The ordinary whitepaper example sounds like a manageable reserve fund, but because of its contribution, budgets at these levels do not accomplish serious work.

Therefore, if flat buyers pay ownership prepaid and price annual indexed cost structures at service charges from day one, they may be forced to evaluate their dream home differently. Not because flats are worse homes, but because they are now priced with full liabilities in sight.

Price correction

Baby boomers and XERs who buy apartments decades ago went very well from tenancy ownership, especially if they went to the market to buy a house and then left afterwards.

Its success gave a false sense of comfort as I am used to the idea that homeowners would rate it by default. When economics changes, so does evaluation.

Flats may simply be overvalued – not by mistake, but because the cost of ownership was either low or hidden.

Flats may simply be overvalued – not by mistake, but because the cost of ownership was either low or hidden.

As these costs emerge, the upheavals that follow the Grenfell Tower tragedy may show what risks are in practice, and may need to adjust for financially unrecoverable penalties, funding and regulatory compliance (the big one that doesn't show anything nowadays). It's not a failure of reform, but how the market works when given better data.

And maybe that's a quiet purpose here. Reproduce the market, reset the value and let the new kind of owned model find its footing.

trade off

Two consecutive governments have pledged to reform the leasehold.
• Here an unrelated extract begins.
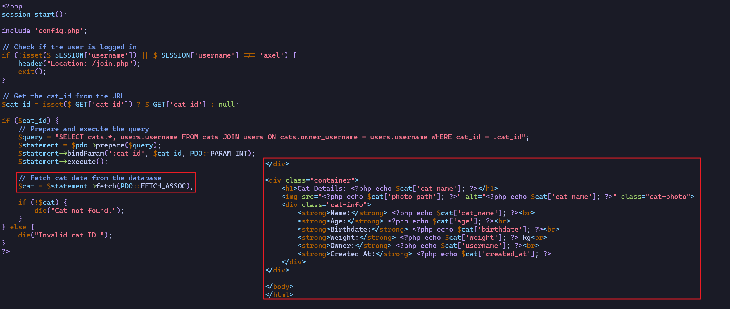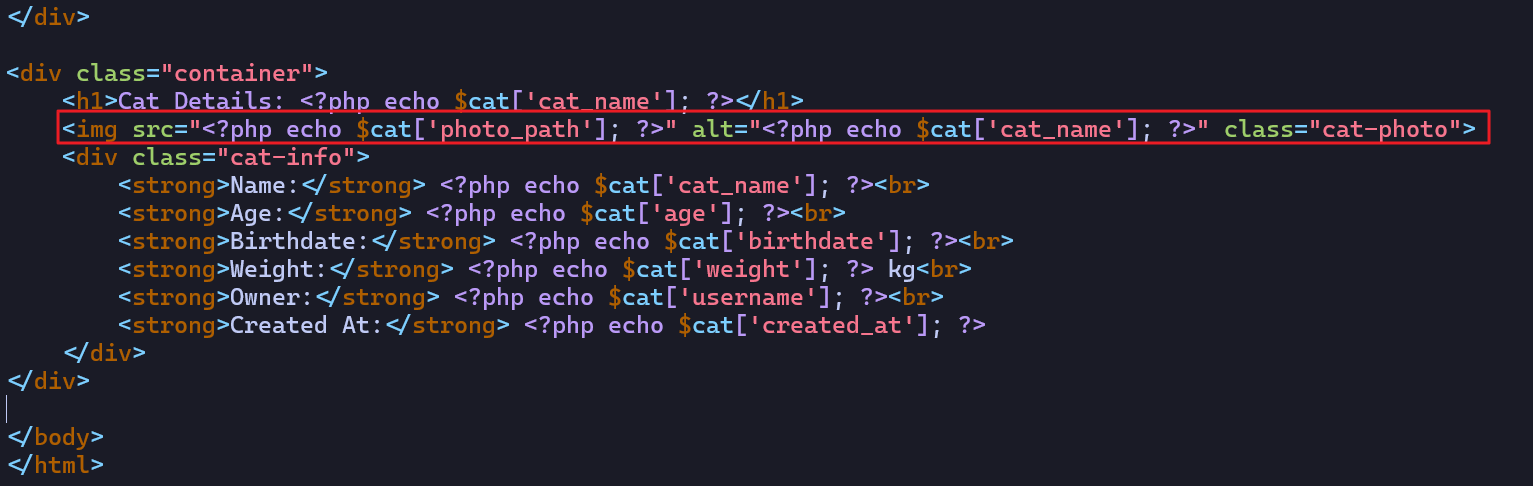 view.php파일에서는 이미지 태그를 통해 고양이 이미지 경로/고양이 이름을 불러와 화면에 출력하는 구조를 띠고 있다. 이 때,$cat['photo_path'], $cat['cat_name']값은contest.php소스를 통해 사용자가 조작 가능한 값이다.

But we should stop pretending it comes without a trade-off. It's not a silver bullet to make every home ownership mistake right. The exact opposite is that reforms work, and that markets can maintain change without too many price adjustments, is a leap of faith, and it is in both directions.

After all, our society has nothing less than housing price inflation. Home ownership is no longer possible for even more people, making savings pointless.

The risk won't go away – it's a shared, and while it might be a better model, it's not necessarily a cheaper model. What we see is the real cost of running a building that finally comes to the surface, and when that happens, the pricing conversation can change.

Of course, we need to be given an important timeline to know if the reforms worked or not.

Mark Wilson is Director of MyLeasehold and a member of ALEP (Association of Rental Stock Environmental Practitioners).